(Data entries)
<<<<
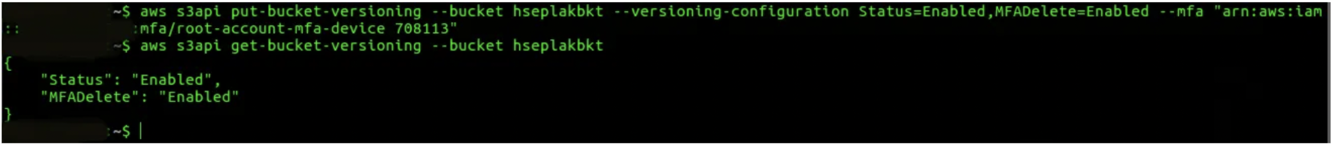 aws s3api put-bucket-versioning --bucket hseplakbkt - - versioning-configuration Status=Suspended,MFADelete=Disabled --mfa “arn:aws:iam::aws_account_id:mfa/root-account-mfa-device passcode”
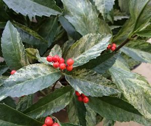 斑入り葉千両・センリョウ(赤実)
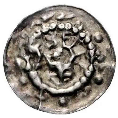 | Obverse description | Helmet in inner circle, in outer field alternately crosses and dots. |
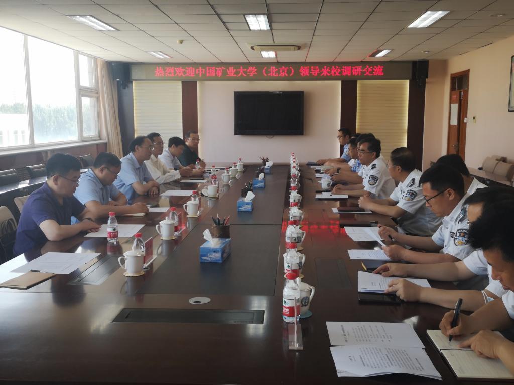 本网讯 6月5日,校长葛世荣带队赴中国人民警察大学走访调研,中国人民警察大学校长马金旗、副校长张平、吴立志,我校副校长崔希民等出席调研交流会议。双方就校际合作、人才培养、科研创新、学科建设等工作进行了深入交流。
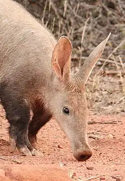 The sides of the nostrils are thick with hair.[22] The tip of the snout is highly mobile and is moved by modified mimetic muscles.[16] The fleshy dividing tissue between its nostrils probably has sensory functions,[5] but it is uncertain whether they are olfactory or vibratory in nature.[29] Its nose is made up of more turbinate bones than any other mammal, with between nine and 11, compared to dogs with four to five.[11] With a large quantity of turbinate bones, the aardvark has more space for the moist epithelium, which is the location of the olfactory bulb.[11] The nose contains nine olfactory bulbs, more than any other mammal.[22] Its keen sense of smell is not just from the quantity of bulbs in the nose but also in the development of the brain, as its olfactory lobe is very developed.[13] The snout resembles an elongated pig snout. The mouth is small and tubular, typical of species that feed on ants and termites. The aardvark has a long, thin, snakelike, protruding tongue (as much as 30 centimetres (12 in) long)[6] and elaborate structures supporting a keen sense of smell.[30] The ears, which are very effective,[6] are disproportionately long, about 20–25 centimetres (7.9–9.8 in) long.[22] The eyes are small for its head, and consist only of rods.[22]
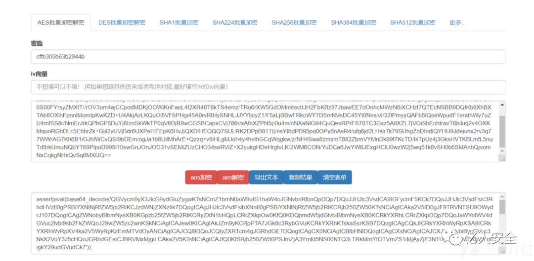 到该网站使用上面的 key 进行 AES 解密,解密后的内容为 base64 编码后的结果
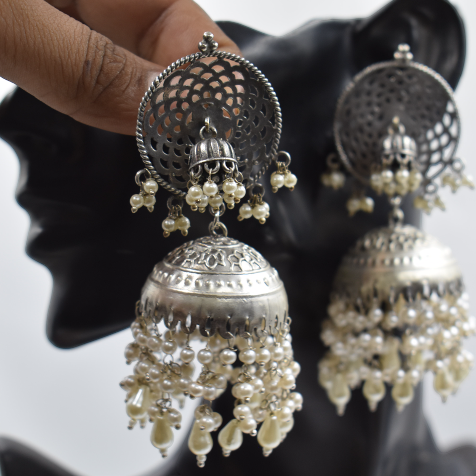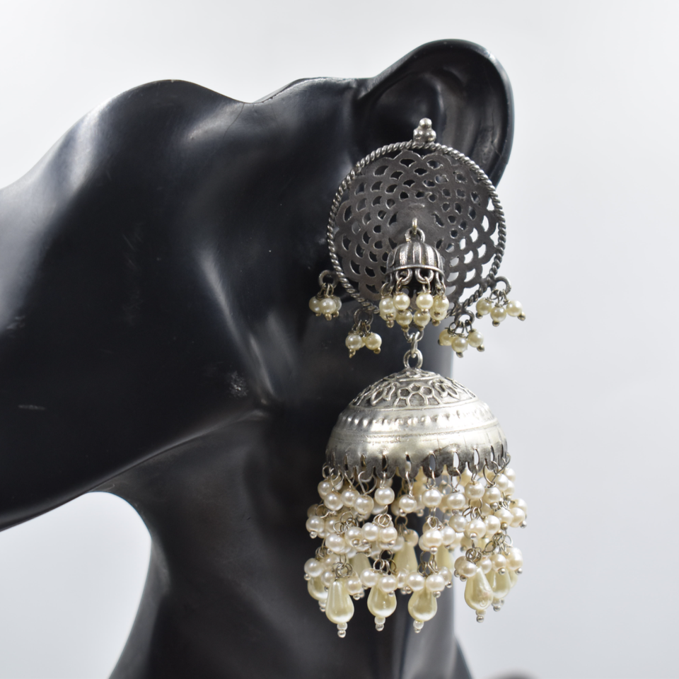 High quality women's stud earrings white pearl beads silver look alike kundan jhumka earing brass handmade wholesale jewelry
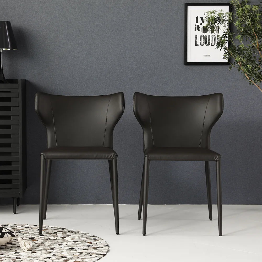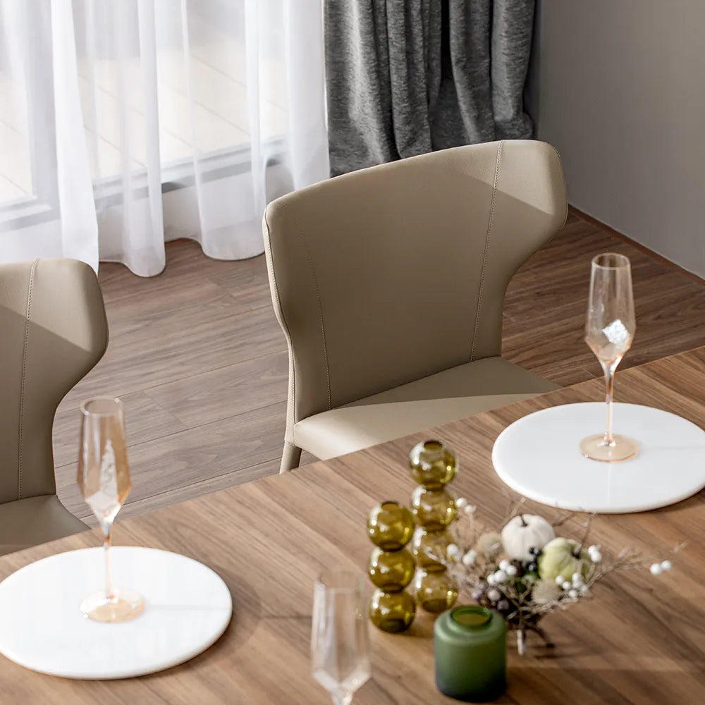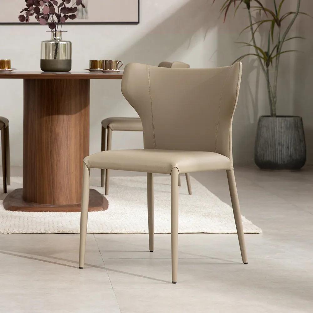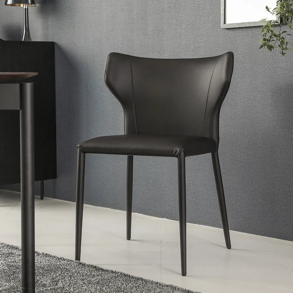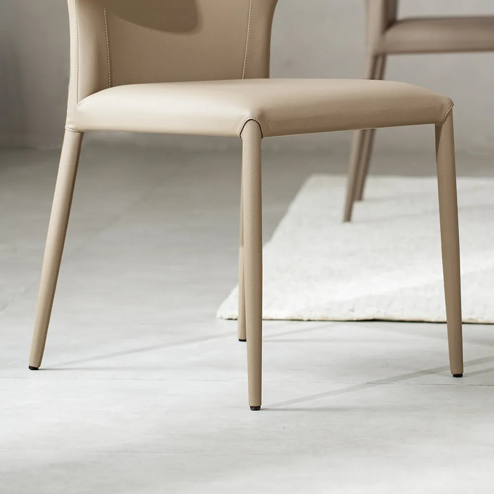 重厚なレザーが存在感を際立たせるモダンシルエット。洗練された大人の空間を創るダイニングチェアです。
>>>>
EXERCISE DESCRIPTION
Please reproduce, word for word, every line from the first line of the records above through the line containing "本网讯 6月5日,校长葛世荣", and leave out the pictures.

ANSWER TO THE PROBLEM
 aws s3api put-bucket-versioning --bucket hseplakbkt - - versioning-configuration Status=Suspended,MFADelete=Disabled --mfa “arn:aws:iam::aws_account_id:mfa/root-account-mfa-device passcode”
 斑入り葉千両・センリョウ(赤実)
 | Obverse description | Helmet in inner circle, in outer field alternately crosses and dots. |
 本网讯 6月5日,校长葛世荣带队赴中国人民警察大学走访调研,中国人民警察大学校长马金旗、副校长张平、吴立志,我校副校长崔希民等出席调研交流会议。双方就校际合作、人才培养、科研创新、学科建设等工作进行了深入交流。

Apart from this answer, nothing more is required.